She crushed along, pitching pitifully, the dark seas on either hand foaming to her quarters, and her rigging querulous with the wind. Had the Frenchman been alive to steer the ship, I might have found strength enough for my hands in the vigour of my spirit to get the spritsail yard square and chop its canvas loose—nay, I might have achieved more than that even; but I could not quit the tiller now. I reckoned our speed at about four miles an hour, as fast as a hearty man could walk. The high stern, narrow as it was, helped us; it was like a mizzen in its way; and all aloft being stout to start with and greatly thickened yet by ice, the surface up there gave plenty for the gale to catch hold on; and so we drove along.
I could just make out the dim pallid loom of the coast of ice upon the starboard beam, and a blob or two of faintness—most elusive and not to be fixed by the eye staring straight at them—on the larboard bow. But it was not long before these blobs, as I term them, grew plainer, and half a score swam into the dusk over the bowsprit end, and resembled dull small visionary openings in the dark sky there, or like stars magnified and dimmed into the merest spectral light by mist. I passed the first at a distance of a quarter of a mile; it slided by phantasmally, and another stole out right ahead. This I could have gone widely clear of by a little shift of the helm, but whilst I was in the act of starboarding three or four bergs suddenly showed on the larboard bow, and I saw that unless I had a mind to bring the ship into the trough again I must keep straight on. So I steered to bring the berg that was right ahead a little on the bow, with a prayer in my soul that there might be no low-lying block in the road for the schooner to split upon. It went by within a pistol-shot. I was very much accustomed to the sight of ice by this time, yet I found myself glancing at this mass with pretty near as much wonder and awe as if I had never seen such a thing before. It was not above thirty feet high, but its shape was exactly that of a horse's head, the lips sipping the sea, the ears cocked, the neck arching to the water. You would have said it was some vast courser rising out of the deep. The peculiar radiance of ice trembled off it like a luminous mist into the dusk. The water boiled about its nose, and suggested a frothing caused by the monster steed's expelled breath. Let a fire have been kindled to glow red where you looked for the eye, and the illusion would have been frightfully grand.
The poet speaks of the spirits of the vasty deep; if you want to know what exquisite artists they are, enter the frozen silences of the south.
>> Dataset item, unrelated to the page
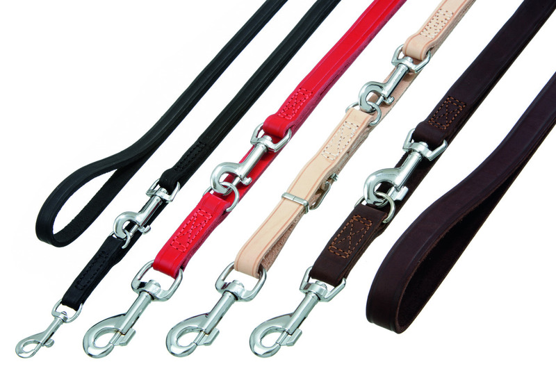 Diese solide genähte Leine aus weichem Vollrindleder ist durch das verwendete hochwertige Leder und die stabilen verchromten Beschläge besonders robust und langlebig. In der Länge 200 cm ist sie aus einem Stück gefertigt und 3-fach verstellbar, in der Länge 240 cm 4-fach verstellbar. Außerdem kann der Haken bei einer Leinenlänge von 240 cm ausgewechselt werden, z.B. gegen einen Jagdhaken. Erhältlich ist sie in den Farben schwarz, rot, natur und braun. Made in Germany.

Thus threading my way I drove before the seas and wind, striking a piece of ice but once only, and that a small lump which hit the vessel on the bow and went scraping past, doing the fabric no hurt; but often forced to slide perilously close by the bergs. I needed twenty instead of one pair of eyes. With ice already on either bow, on a sudden it would glimmer out right ahead, and I had to form my resolution on the instant. If ever you have been amid a pack of icebergs on a dark night in a high sea you will understand my case; if not, the pen of a Fielding or a Defoe could not put it before you. For what magic has ink to express the roaring of swollen waters bursting into tall pale clouds against the motionless crystal heights, the mystery of the configuration of the faintness under the swarming shadows of the flying night, the sudden glares of breaking liquid peaks, the palpitating darkness beyond, the plunging and rolling of the ship, making her rigging ring upon the air with the reeling of her masts, the gradual absorption of the solid mass of dim lustre by the gloom astern, the swift spectral dawn of such another light over the bows, with many phantasmal outlines slipping by on either hand, like a procession of giant ocean-spectres, travelling white and secretly towards the silent dominions of the Pole?
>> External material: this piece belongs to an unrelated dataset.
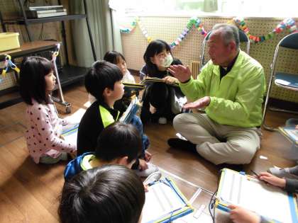 今日は西枇杷島町にお住いの方々を講師にお迎えし、西枇杷島まつりの歴史や昔のくらし・遊びなどについてお話していただきました。子どもたちは、今の生活と比べながら熱心にお話に耳を傾けていました。また、昔の遊びを実際に体験しながら教えていただき、少しずつコツを掴んでいる様子でした。質問にも丁寧に答えていただき、充実した時間を過ごすことができました。

Half this ice came from the island, the rest of it was formed of bergs too tall to have ever belonged to the north end of that great stretch. It took three hours to pass clear of them, and then I had to go on clinging to the tiller and steering in a most melancholy famished condition for another long half-hour before I could satisfy myself that the sea was free.
But now I was nearly dead with the cold. I had stood for five hours at the helm, during all which time my mind had been wound up to the fiercest tension of anxiety, and my eyes felt as if they were strained out of their sockets by their searching of the gloom ahead, and nature having done her best gave out suddenly, and not to have saved my life could I have stood at the tiller for another ten minutes.
The gear along the rail was so iron-hard that I could not secure the helm with it, so I softened some lashings by holding them before the fire, and finding the schooner on my return to be coming round to starboard, I helped her by putting the tiller hard a port and securing it. I then went below, built up the fire, lighted my pipe, and sat down for warmth and rest.